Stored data
▽
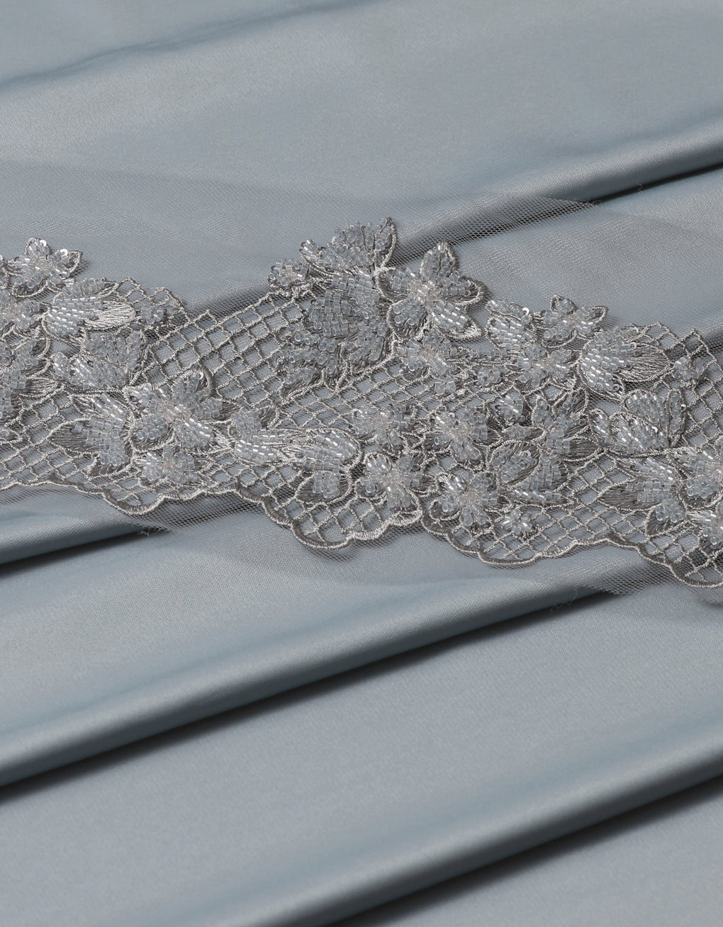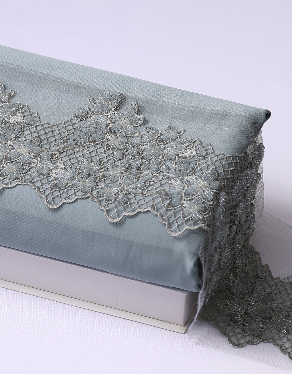 Beaded Border lace  is a fine fabrics that comes in floral and abstract pattern and also with minimalist sequins and beads. Giving the highest recognition for the exquisite vibe of femininity to the wearer. It also has a good drapability.
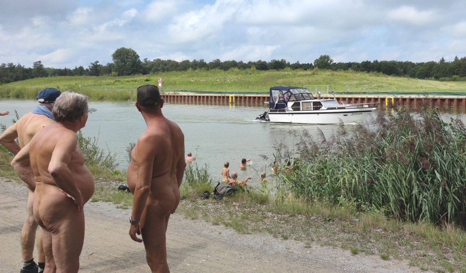 Knapp zwei Kilometer ging es am Dortmund-Ems-Kanal entlang. Hier war die Mittagsrast eingeplant, die natürlich auch zum Schwimmen genutzt wurde.
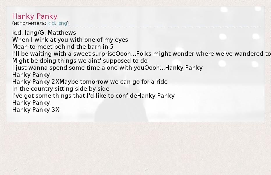 k.d. lang/G. Matthews When I wink at you with one of my eyes Mean to meet behind the barn in 5 I'll be waiting with a sweet surpriseOooh...Folks might wonder where we've wandered to Might be doing things we aint' supposed to do I just wanna spend some time alone with youOooh...Hanky Panky Hanky Panky Hanky Panky 2XMaybe tomorrow we can go for a ride In the country sitting side by side I've got some things that I'd like to confideHanky Panky Hanky Panky Hanky Panky 3X
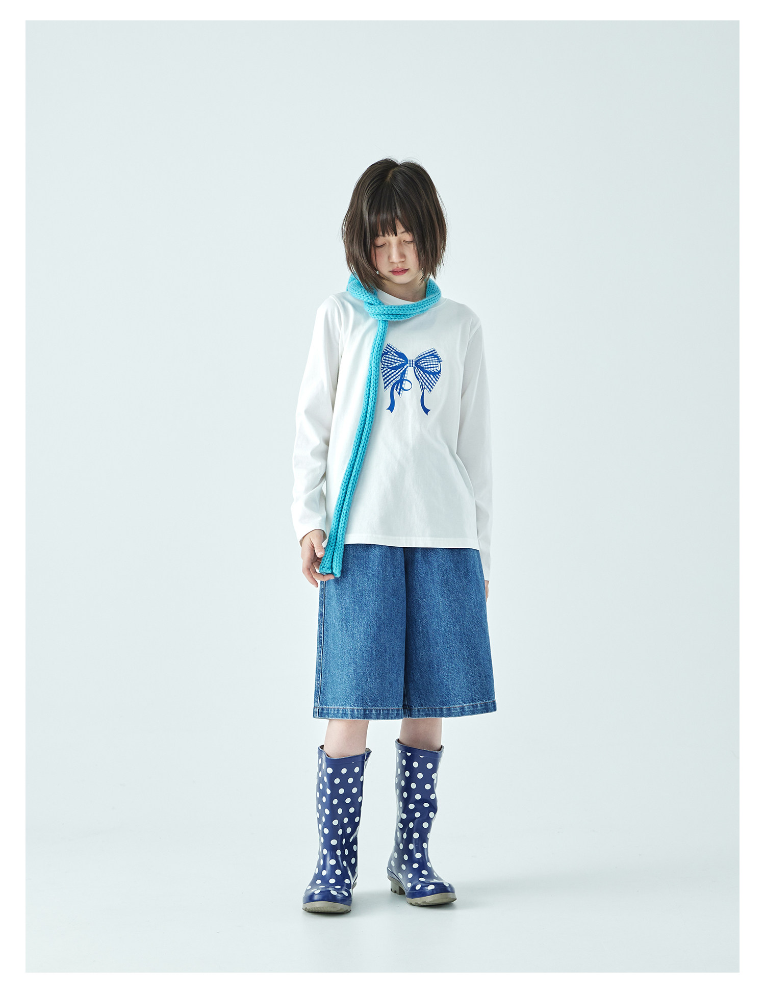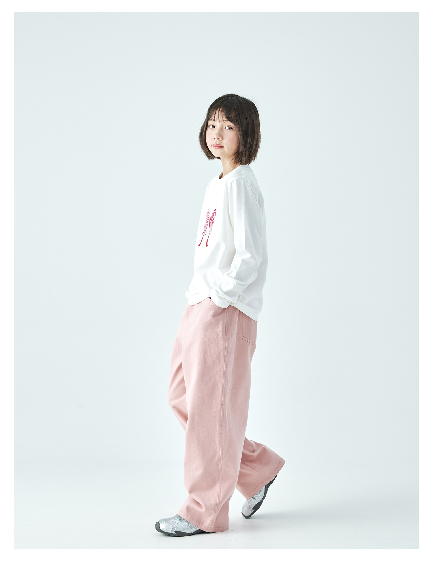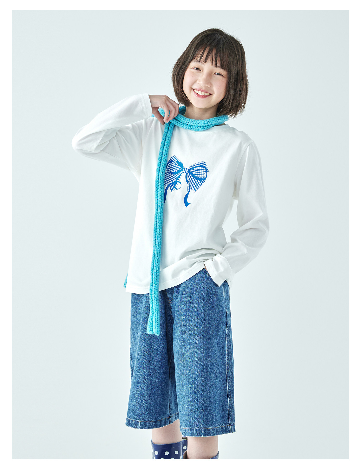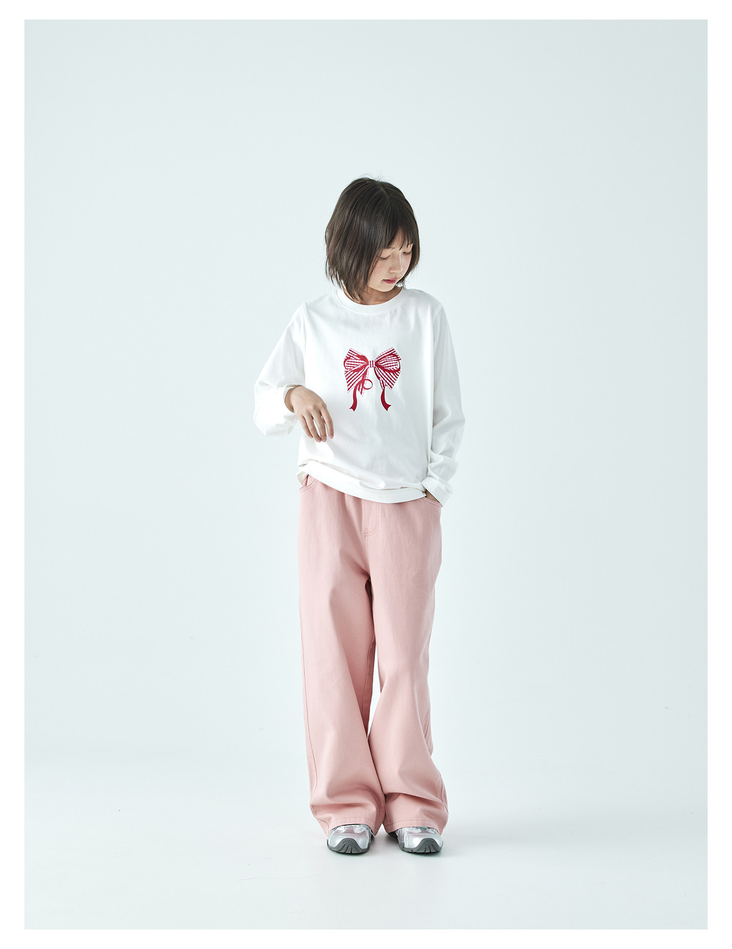 棵初26年春季新款亲子中大女童蝴蝶结印花长袖T恤小清新纯棉上衣
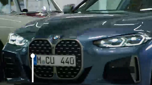 LED headlamps are standard equipment with particularly fine contours; laser high beam boost is available as an option. The DRLs take a fish hook shape accented by a central light dot suggestive of focused eyes.
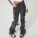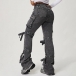 Street Fashion Side Patch Pockets Self-tie Bowknot Wide-leg Old-washed Denim Jeans
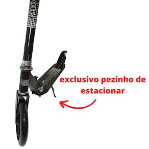Tem um freio na roda traseira, fácil de usar para frear ou diminuir a velocidade.
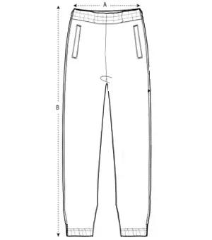 Cinturilla y bajo de pernera elásticos del mismo tejido Cordones planos en el color del tejido con la punta doblada para un remate cuidado Cordones dentro de la cinturilla Ojales bordados Bolsillos delanteros de ojal Bolsillo plastrón trasero Pespunte doble estrecho en las costuras laterales y el bajo
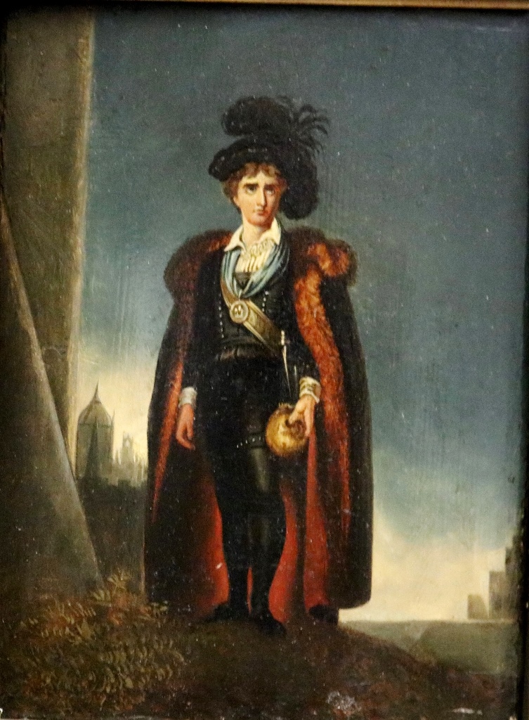 AFTER SIR THOMAS LAWRENCE (English, 19th century). John Philip Kemble as Hamlet, Oil on board. Unsigned. Framed. - Sight (approx.): 7.75 X 5.75 inches; frame: 13 X 11.5 inches.Estimate $100-150
△
Work request. With the pictures omitted, copy the entries above exactly from the line containing "Tem um freio" through the line containing "Cinturilla y bajo", both lines included.

Answer section.
Tem um freio na roda traseira, fácil de usar para frear ou diminuir a velocidade.
 Cinturilla y bajo de pernera elásticos del mismo tejido Cordones planos en el color del tejido con la punta doblada para un remate cuidado Cordones dentro de la cinturilla Ojales bordados Bolsillos delanteros de ojal Bolsillo plastrón trasero Pespunte doble estrecho en las costuras laterales y el bajo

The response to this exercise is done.